I had my Atlantis retro-fitted with S&S couplings by a local framebuilder. Sandsmachine, who makes the couplings has a list of approved builders. My cost was about $800 just for the couplings and their installation. Each builder will be different. You will also have to factor in the cost of re-painting (deciding on full or partial repaint), the cost of the case and a few little add-ons like the cable splitters, the special wrench and a few other odds and ends.


----------



## tarwheel2 (Jul 7, 2005)

I checked into getting one of my bikes retrofitted with S&S couplers and it was much more expensive than I anticipated. However, I was thinking about doing it to my titanium bike, which accounted for some of the cost. The titanium frame wouldn't need painting touchups, however, which might be needed for a painted steel or aluminum frame.

One potential downside to the Ritchey is the geometry. Ritcheys have relatively short heat tubes and long top tubes with steep seat tube angles. So they suit someone who like to ride in a stretched out position and lower handlebars. My needs are different, or I probably would have bought a Ritchey Breakaway already.


----------



## MB1 (Jan 27, 2004)

*I want to hear about your travel box.*



Mel Erickson said:


> .... I don't have a hard side travel case but had a corrugated plastic box custom cut for the proper dimensions for airline travel and put it together myself with pop rivets and nylon straps. I've used it three times thus far and I estimate it will be good for many more trips. It won't last as long as a hard side case but it only cost $30 and will serve me well for the one or two trips a year I take with the bike.......


Hod did you make it? Where did you find the material? Got any pix?

Tell all!


----------



## Guest (Aug 27, 2007)

Pablo said:


> How did you retro fit it?
> 
> I've seen some killer steel bikes on ebay that would make a nice travel/commuter ride.
> 
> Do you send the frame away and they add the couplers? If so, what's the price?

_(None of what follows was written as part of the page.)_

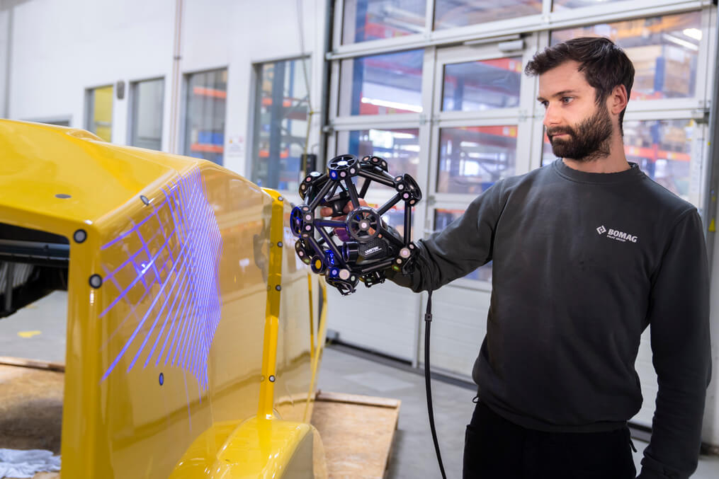 Als innovatives Unternehmen, setzt BOMAG auf kontinuierliche Weiterentwicklung und Modernisierung der Produktion. Der Baumaschinenhersteller arbeitet seit Jahren im Bereich 3D-Messtechnik mit Portalmessmaschinen und Messarmen. Ergänzend dazu suchte man nach einem Scan-Messgerät zur unkomplizierten, flexiblen und berührungslosen Messung von Freiformflächen wie z.B. von Guss- oder Kunststoffteile. Auch sollte das Messystem mobil einsetzbar sein, um so große Bauteile scannen und höchste Qualitätsstandards gewährleisten zu können.

Just like I did with this one,

http://forums.roadbikereview.com/showthread.php?t=93563&highlight=bailey


----------



## DieselDan (Sep 14, 2002)

My nickel (inflation), I test rode a Ritchey Break-Away a few years ago and could not tell any difference between it and my Cannondale 2.8. The Break-Away felt more relaxed then other Ritchey frames I have tried.


----------



## Mel Erickson (Feb 3, 2004)

Boy now, you're asking me to remember from two years ago. I searched the interwebs for plastic corrugated boxes and found a company in Iowa, pretty sure this is the one http://www.custommadeboxes.com/custom_made_boxes.html They make custom boxes and will fill an order for any amount. They were nice people to work with. Gave them my dimensions for a telescoping tray box (see the styles here http://www.custommadeboxes.com/custom_made_boxes.html), they gave me a quote and shipped me the box. I had to construct the box, it was shipped flat. I simply folded the box into shape, drilled small holes for pop rivets and riveted the box together. You can see six dots on each corner of the box in the diagram for a telescoping tray box. I put in pop rivets just like the diagram shows (smooth face of the pop rivet to the inside). I also pop riveted nylon straps, with buckles, to the bottom of the box, four straps total, two in each direction. These secure the lid. I've got pictures of the whole contraption at home and will try and post them. I think the box cost around $30.

I took pictures each step of the way when packing the bike so I wouldn't forget how it goes. I still pack it slightly different almost every time. I put the pictures in the box along with instructions. I made supports for the inside of the box to keep it from crushing. The supports are made from pvc pipe and pvc fittings like these (see below).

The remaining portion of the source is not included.